# Bluebird: Optimisation agent design notes
In the optimisation agent we will be representing a aircraft's route through
space as a series of control point, with the first and last control points fixed
to be the locations (latitude, longitude, flight level) and time the aircraft
enters and exits the sector, respectively. Fixing the last control point's location
and exit time means that the plane will always meet its coordination objective.

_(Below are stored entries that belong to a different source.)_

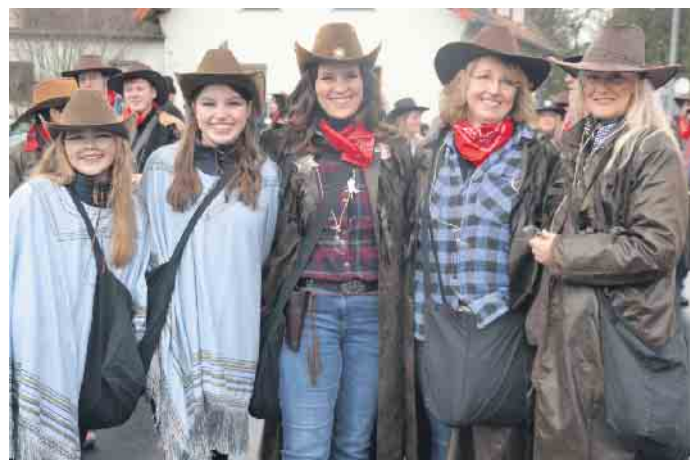
Der „Wilde Westen“ zog durch Wald und Wiese quer durch die Landschaft im Osten der Stadt Königswinter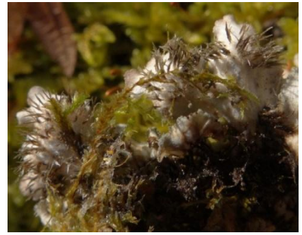
Peltigera collina (Ach.) Schrad., Boutx et Aspet les 04/01/2013 et 30/12/2013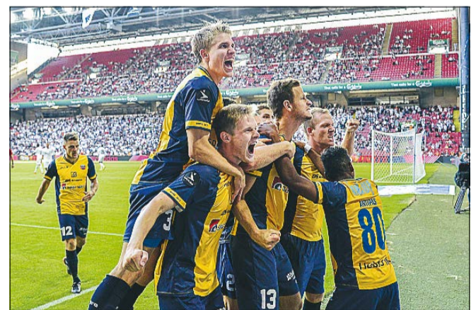
Hobro IK's hidtidige højdepunkt i Superligaen kom i fjerde spillerunde, hvor holdet slog FCK 3-0.

især de tidligere spillere, der bidrager med merværdi i forhold til alt det materiale, vi allerede har stiftet bekendtskab med i medierne. Bogen er præget af et sympatisk persongalleri, som mange kan identificere sig med, og man kan ikke undgå at blive opslugt af historien.

The above image shows two fixed control points (black circles) and two
optimisable control points (white circles). The plane enters the sector at the
left-hand control point and exits are the right-hand control point.
## Representation
The fixed starting control point exists at time $t=0$ and the ending control point
exists at time $t=1$, with time normalised such that $t \in [0, 1]$. Given that we
need each control point's time to be some point along in time such consecutive control
points have strictly monotonically increasing time, representing a
"time of arrival at this location", deciding on a representation to optimise is
non-trivial.
A way to address this problem is to optimise the parameters of a curve which defines
the relative time between control points. The
[incomplete beta function](https://en.wikipedia.org/wiki/Beta_function#Incomplete_beta_function)
([scipy](https://docs.scipy.org/doc/scipy/reference/generated/scipy.special.betainc.html))
gives us a way to map equidistance time points, $t_1$ and $t_2$ in the left-hand plot below,
to non-equidistance time points $t'_1$ and $t'_2$ through the parameterisable curve $I(a,b,t)$
with parameters $a, b$, which control the shape of the curve. The reason for choosing this
function is that it has useful properties, such as mapping $[0, 1]$ to $[0, 1]$, and creates
"nice"-looking time curves (right).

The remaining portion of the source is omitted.